**Raw data:**
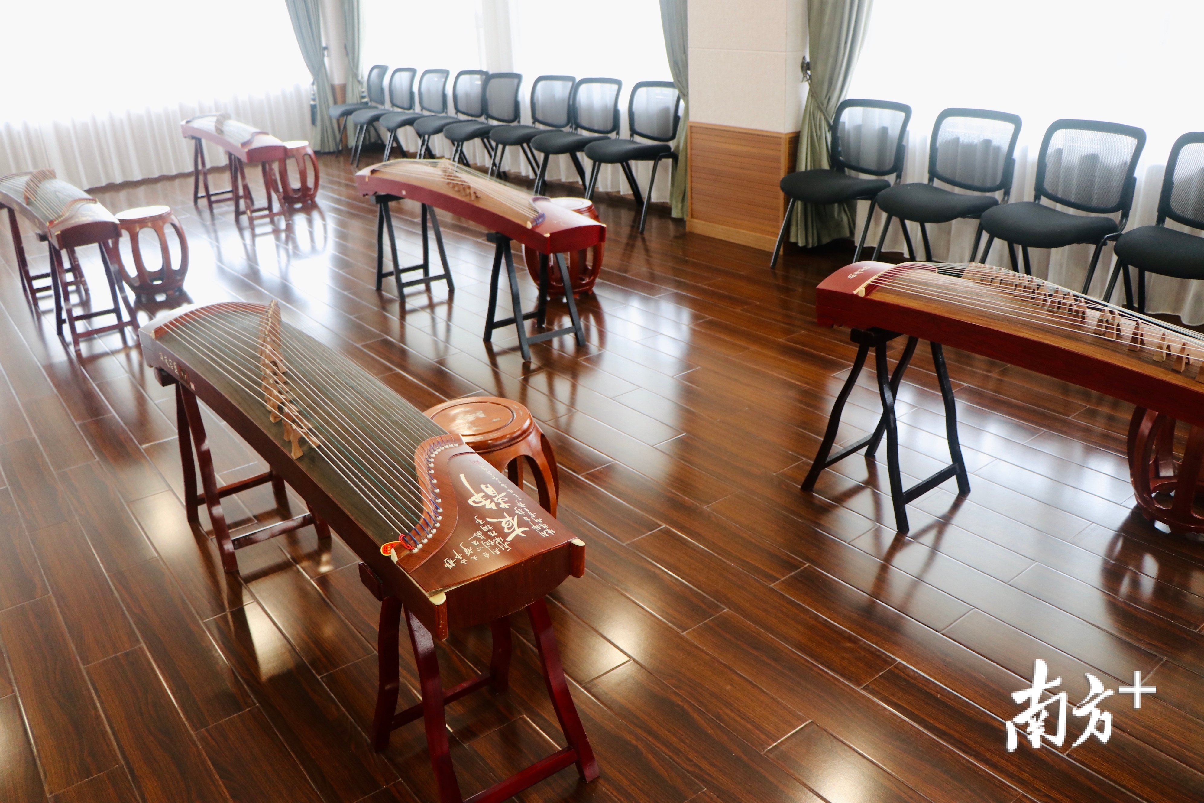 民乐教室里,横放着几台古筝,书画厅四壁则挂满了书画作品,书法教室中备好了笔墨纸砚……
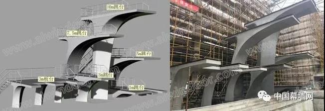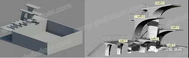 寧波奧體中心游泳館跳水池擁有9個跳臺,其中包括21m跳臺,32.6m板臺,13m跳臺,15m跳臺,17.5m跳臺以及110m跳臺。其中跳臺為空間多曲面清水混凝土空腔結構,空間感強,成型要求高,施工難度大。
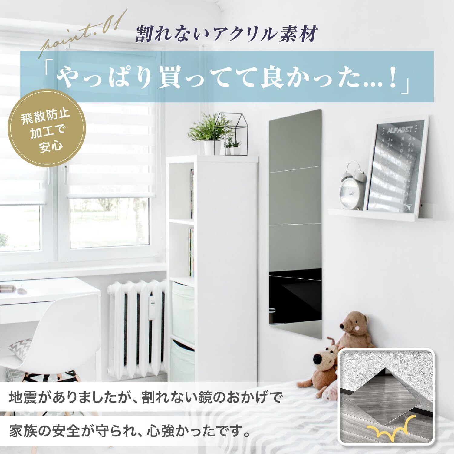 BOOMIE【どこでも貼れる割れない鏡】ドアの裏やクローゼットにも 鏡 全身鏡 姿見鏡 壁掛け ミラー 壁掛け 浴室 (30×30cm 4枚セット)

**Work to complete:** Once you find the line that contains "寧波奧體中心游泳館跳水池擁有", give it again along with every later line through the end of the data, word for word, minus the pictures.

**Reply to the exercise:**
 寧波奧體中心游泳館跳水池擁有9個跳臺,其中包括21m跳臺,32.6m板臺,13m跳臺,15m跳臺,17.5m跳臺以及110m跳臺。其中跳臺為空間多曲面清水混凝土空腔結構,空間感強,成型要求高,施工難度大。
 BOOMIE【どこでも貼れる割れない鏡】ドアの裏やクローゼットにも 鏡 全身鏡 姿見鏡 壁掛け ミラー 壁掛け 浴室 (30×30cm 4枚セット)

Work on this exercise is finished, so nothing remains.